Saturday, March 19, 2011

In the Middle East: after the revolution, is the new boss the same as the old boss?

Lara Logan "moments before she was assaulted in Tahrir Square."

In considering what the ongoing upheaval in the Middle East might mean for women’s rights, Huffington Post blogger,  Dr. Peggy  Drexler, asks: “Is the new boss the same as the old boss?”

Just a little reminder: it was in Egypt’s Tahrir Square that CBS reporter Lara Logan was sexually assaulted by male rebels exulting in their new found freedom.

Drexler continues:

As protest rolls through the public squares of the Middle East one of more unusual sights is women standing shoulder to shoulder with men, risking their freedom and their lives.

They were there from Tunisia to Egypt to Iran to Libya. Said Egyptian author and activist Nawal El Saadaw of her days making history in Tahrir Square: "I felt for the first time that women were equal to men."

Somewhere between hope and belief, this season of freedom could also be a new day for the Middle East's women.

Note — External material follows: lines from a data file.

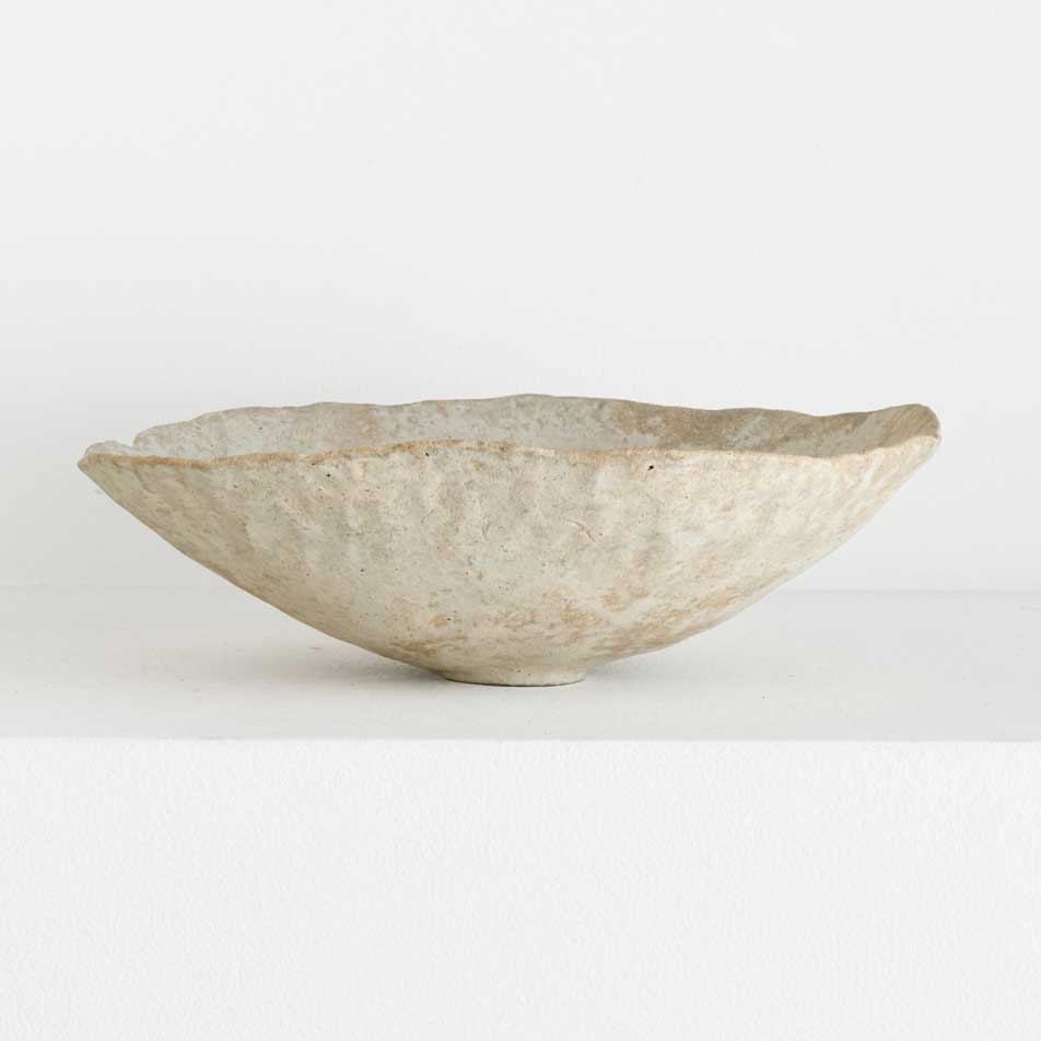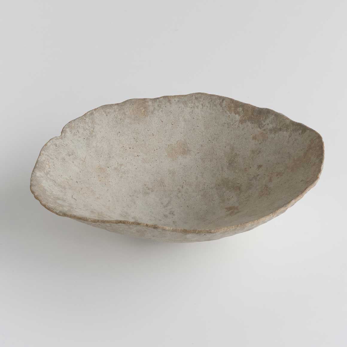 盃の文字の由来が半月からきていることから生まれた形、自分なりに造形したもので土型を作り、その型を写し取ることで作品を生み出しています。うつわとしてお使いいただけます。ご使用の際は、盛り付け前に器をさっと水にくぐらせていただくことをおすすめいたします。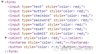 <form> <input type="text" /> <input type="button" /> <input type="checkbox" /> <input type="password" /> <input type="radio" /> <input type="reset" /> <input type="submit" /> <select><option>Option</option></select> <textarea></textarea> <button>Button</button></form><script type="text/javascript"> $(function(){ $(":input").css("color","red"); });</script>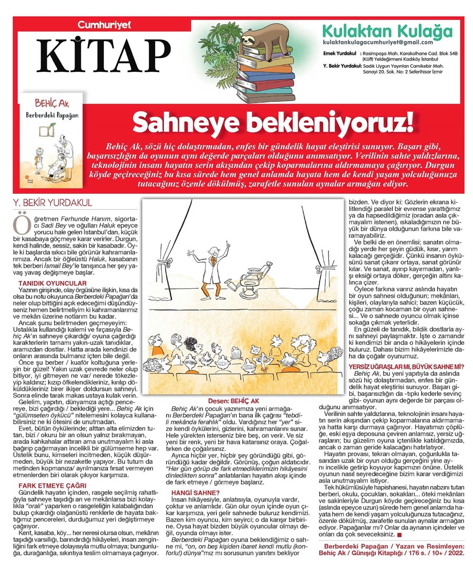 Basından Haberler Sahneye Bekleniyoruz! Y. Bekir Yurdakul, Cumhuriyet Kitap, 19 Ocak 2023 Paylaş Tweet et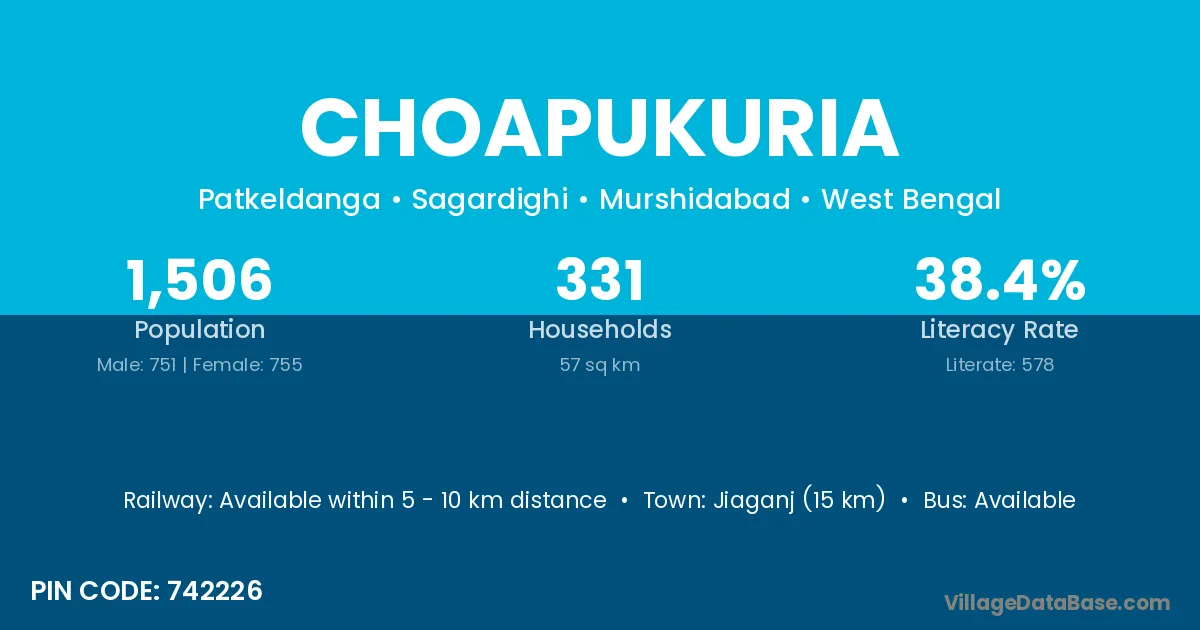 Jiaganj (15 km) is the nearest town to Choapukuria village for major economic activities and is located approximately 15 km away.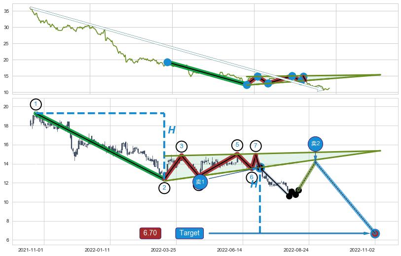➢ 最小中继整理跌幅→𝐇: 6.90 (𝐇楔型旗杆的长度:楔型起点→顶点)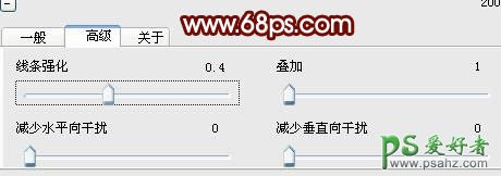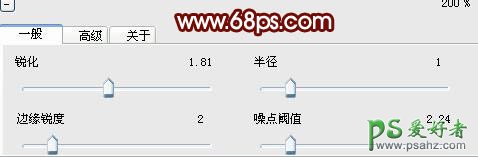 7、ctrl+alt+shift+E盖印,发现头发开叉太多,复制一层,用topaz滤镜锐化一下。数值如下:

There are good arguments that the revolutions would have never happened without women -- they were the slogan makers, the march organizers, the activists.

Revolutions, however, are unpredictable by nature -- especially when they collide with centuries of misogyny in a country that ranks 125th in the World Economic Forum's global gender gap rankings, where large majorities of women report being harassed and molested, where genital mutilation is still common, and where not one woman was named to the committee that is reforming the constitution. 

Will the women who risked all to bring down a government find that all they got for their bravery and sacrifice was a shuffling of oppressors? 

The early signs are not encouraging.